*** Opening of RECORDED INFORMATION ***
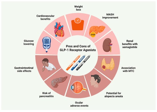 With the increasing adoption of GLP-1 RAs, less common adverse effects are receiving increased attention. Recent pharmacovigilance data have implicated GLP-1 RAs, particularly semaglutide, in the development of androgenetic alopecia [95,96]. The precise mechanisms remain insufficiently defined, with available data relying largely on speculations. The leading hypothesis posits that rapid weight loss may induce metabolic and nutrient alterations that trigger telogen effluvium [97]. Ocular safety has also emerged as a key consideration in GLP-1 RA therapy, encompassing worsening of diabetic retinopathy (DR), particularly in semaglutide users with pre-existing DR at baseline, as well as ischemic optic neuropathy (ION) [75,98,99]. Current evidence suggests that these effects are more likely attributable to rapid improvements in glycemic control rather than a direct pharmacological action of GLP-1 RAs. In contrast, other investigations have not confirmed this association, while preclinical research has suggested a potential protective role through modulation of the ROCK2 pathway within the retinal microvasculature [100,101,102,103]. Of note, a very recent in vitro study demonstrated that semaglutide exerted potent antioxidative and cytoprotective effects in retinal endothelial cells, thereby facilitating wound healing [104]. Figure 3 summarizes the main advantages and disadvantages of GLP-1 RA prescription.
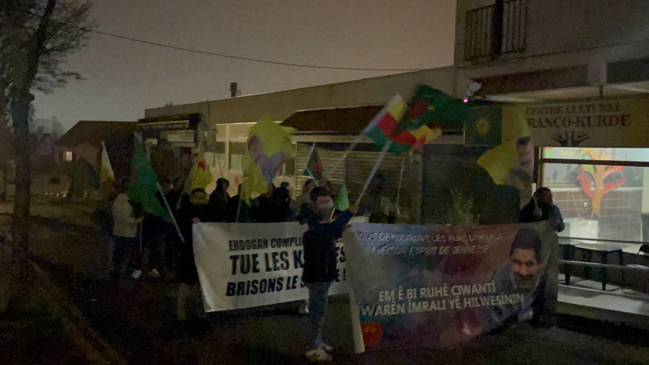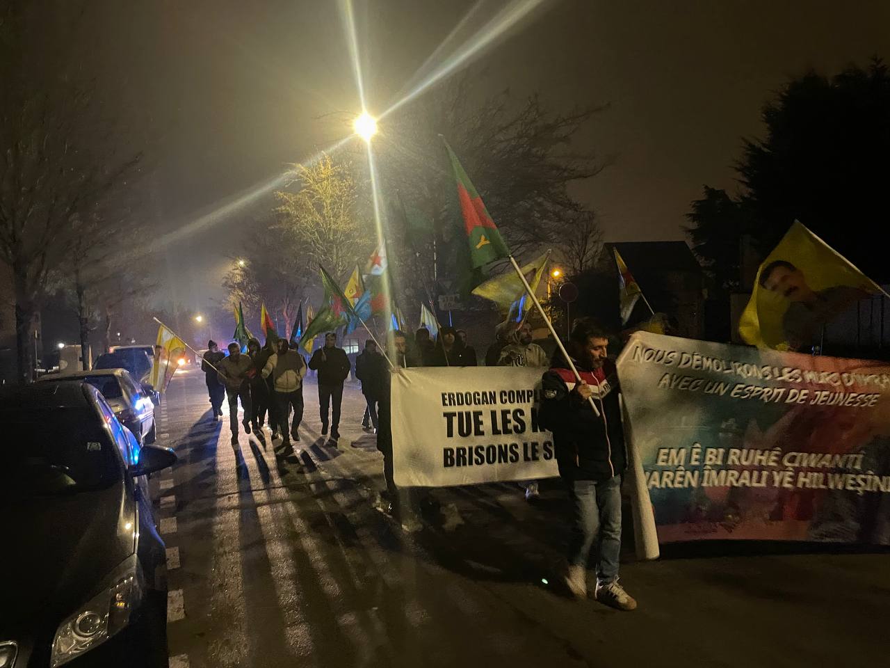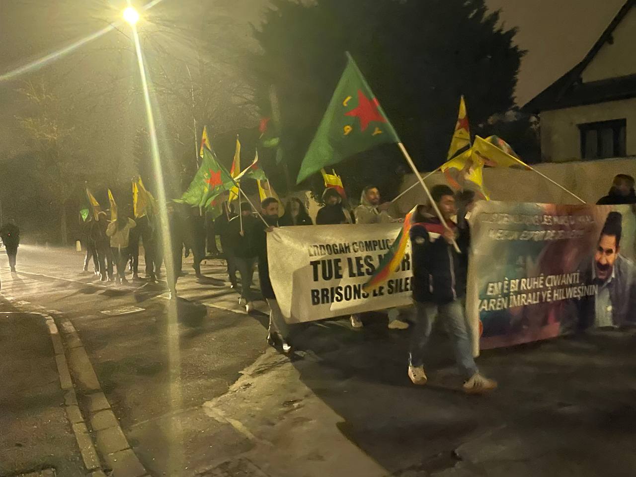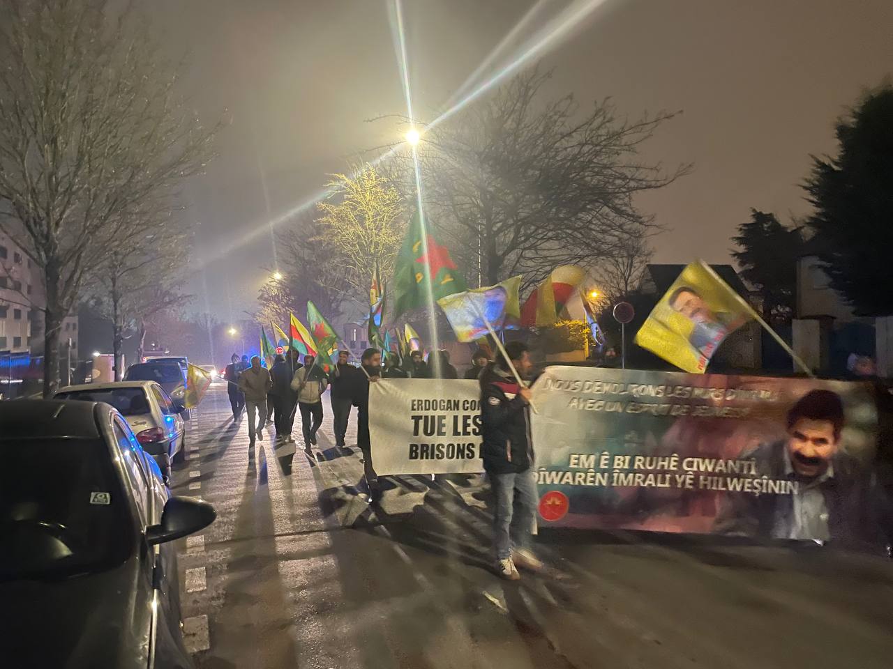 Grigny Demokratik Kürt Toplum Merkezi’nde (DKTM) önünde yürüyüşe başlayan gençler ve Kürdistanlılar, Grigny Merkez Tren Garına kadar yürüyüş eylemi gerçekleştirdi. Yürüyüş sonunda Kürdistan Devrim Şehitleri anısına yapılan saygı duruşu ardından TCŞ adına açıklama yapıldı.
*** Close of RECORDED INFORMATION ***
*** Opening of RECORDED INFORMATION ***
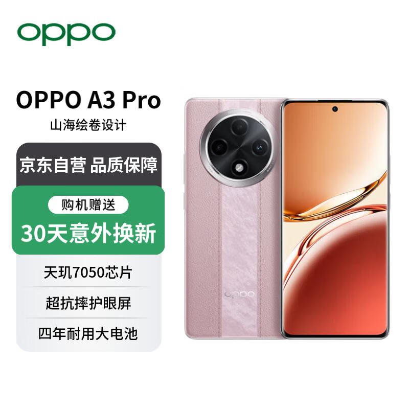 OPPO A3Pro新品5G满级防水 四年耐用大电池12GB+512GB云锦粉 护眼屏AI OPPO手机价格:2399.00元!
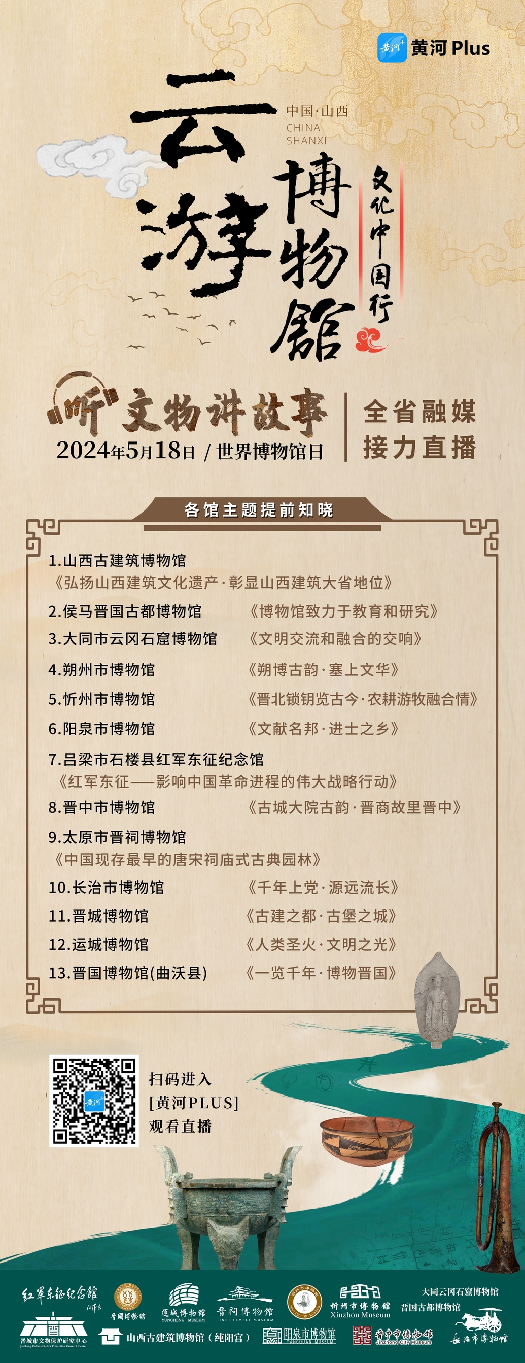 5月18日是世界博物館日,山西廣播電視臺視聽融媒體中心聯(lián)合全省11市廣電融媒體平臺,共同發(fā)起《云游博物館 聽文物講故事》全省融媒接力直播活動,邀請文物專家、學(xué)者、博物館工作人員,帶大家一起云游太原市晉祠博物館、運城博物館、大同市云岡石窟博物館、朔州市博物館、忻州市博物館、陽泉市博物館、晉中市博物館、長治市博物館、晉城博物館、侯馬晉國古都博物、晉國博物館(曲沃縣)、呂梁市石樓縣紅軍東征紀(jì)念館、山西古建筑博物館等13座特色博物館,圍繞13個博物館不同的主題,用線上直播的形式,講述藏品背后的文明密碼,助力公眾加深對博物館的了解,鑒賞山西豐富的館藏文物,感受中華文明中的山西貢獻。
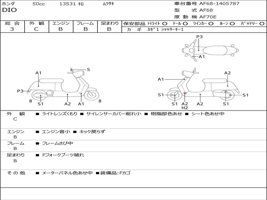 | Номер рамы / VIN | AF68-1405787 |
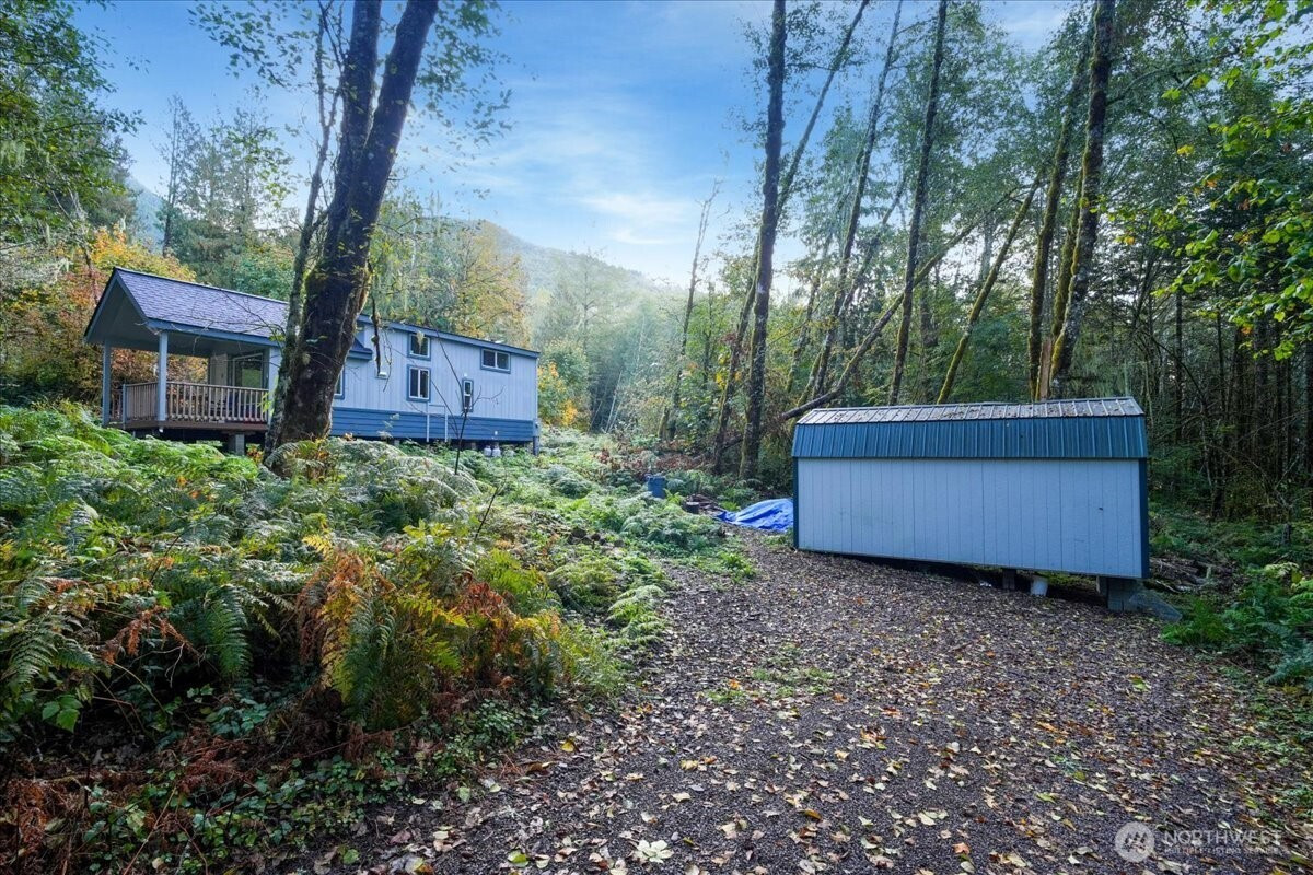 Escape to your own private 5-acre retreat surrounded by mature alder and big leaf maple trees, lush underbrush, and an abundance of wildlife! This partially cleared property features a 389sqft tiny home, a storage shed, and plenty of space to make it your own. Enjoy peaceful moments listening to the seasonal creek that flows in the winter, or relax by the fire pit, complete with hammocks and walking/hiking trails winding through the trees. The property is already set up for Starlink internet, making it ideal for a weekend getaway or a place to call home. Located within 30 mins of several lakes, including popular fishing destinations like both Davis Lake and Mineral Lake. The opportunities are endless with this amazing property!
*** Close of RECORDED INFORMATION ***
#### [WHAT TO PRODUCE]
Starting at the line above that holds "VIN | AF68-1405787 |", repeat every line exactly down to and including the line that holds "Escape to your", then stop. Do not carry over any pictures.

#### [ANSWER SPACE]
 | Номер рамы / VIN | AF68-1405787 |
 Escape to your own private 5-acre retreat surrounded by mature alder and big leaf maple trees, lush underbrush, and an abundance of wildlife! This partially cleared property features a 389sqft tiny home, a storage shed, and plenty of space to make it your own. Enjoy peaceful moments listening to the seasonal creek that flows in the winter, or relax by the fire pit, complete with hammocks and walking/hiking trails winding through the trees. The property is already set up for Starlink internet, making it ideal for a weekend getaway or a place to call home. Located within 30 mins of several lakes, including popular fishing destinations like both Davis Lake and Mineral Lake. The opportunities are endless with this amazing property!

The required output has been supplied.